Ahmad Vahidi, elegido por el régimen clerical de Irán como nuevo jefe de la Guardia Revolucionaria Islámica justo después de asesinar a Hossein Salami, no es un funcionario común: es un condenado en la sombra, un autodenominado terrorista que hoy recibe honores por quienes condenan las libertades y abrazan el extremismo.
Desde 1994 pesa sobre Vahidi una orden de captura internacional por parte de Interpol y la Justicia argentina, quien lo acusa de haber sido uno de los autores intelectuales del brutal atentado a la AMIA en Buenos Aires, en el cual murieron 85 personas y otras centenas resultaron heridas.
Aquel ataque, según la investigación del fiscal Alberto Nisman, fue planificado desde las oficinas de la poderosa Fuerza Quds, unidad de operaciones encubiertas que Vahidi comandaba en ese momento.
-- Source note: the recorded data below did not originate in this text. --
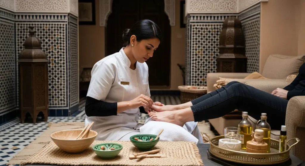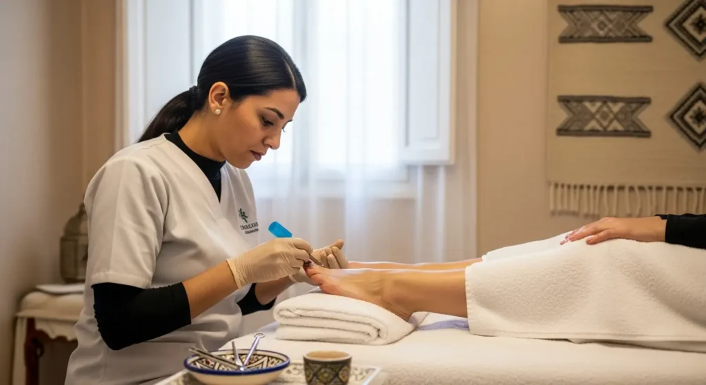 Nous travaillons avec les leaders mondiaux comme OPI pour les vernis classiques et les gammes professionnelles pour le Semi-Permanent. Nous garantissons une brillance éclatante et une tenue longue durée, idéale pour vos vacances ou vos événements à Marrakech. - Le Soin « Spa » des Mains et Pieds :
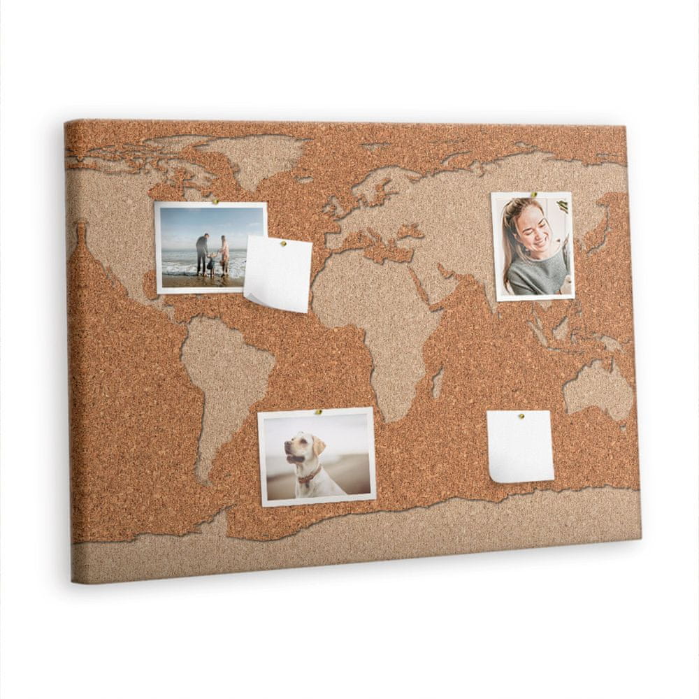 tulup.si Plošča iz plute Svetovni zemljevid les 100x70 cm Kovinski zatiči
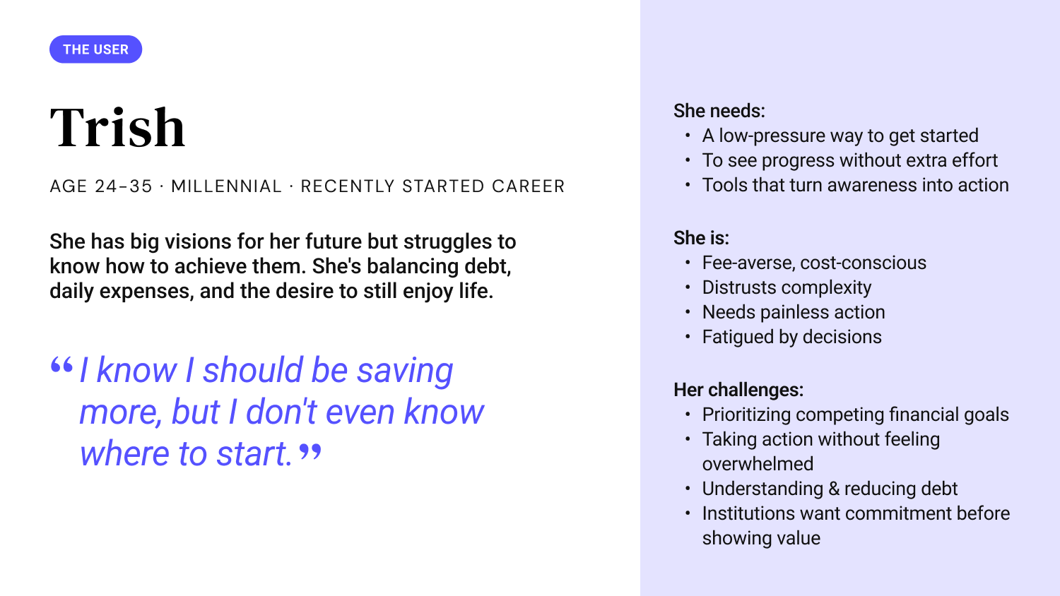 Every product decision on Spire ran through one question: does this work for Trish? Trish is a millennial in her mid-to-late twenties, recently into her career, balancing debt with the desire to start making progress. She has big financial goals but no clear path to achieve them. She knows she should be saving more. She just doesn't know where to start.
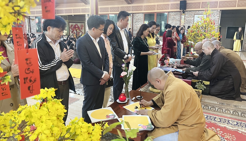 Rất nhiều các phật tử là giáo viên, phụ huynh đến chùa xin chữ đầu năm. Ảnh: Quốc Huy

Además, incluso EEUU lo sancionó en 2010 y lo incluyó en su “lista negra” por su papel activo en actividades terroristas y el financiamiento de grupos radicales.
A lo largo de su carrera, Vahidi ha ostentado cargos clave en Irán: ministro de Defensa (2009‑2013), ministro del Interior (2021‑2024)—incluso durante una gira oficial por Pakistán y Sri Lanka ante la cual Argentina exigió su inmediata detención con una circular roja de Interpol.
Su nombramiento actual no es un acto burocrático, es una provocación deliberada: estamos frente a un régimen que, lejos de rechazar el terrorismo de Estado, lo premia con poder militar y lo enaltece públicamente por iniciativas que costaron decenas de vidas inocentes.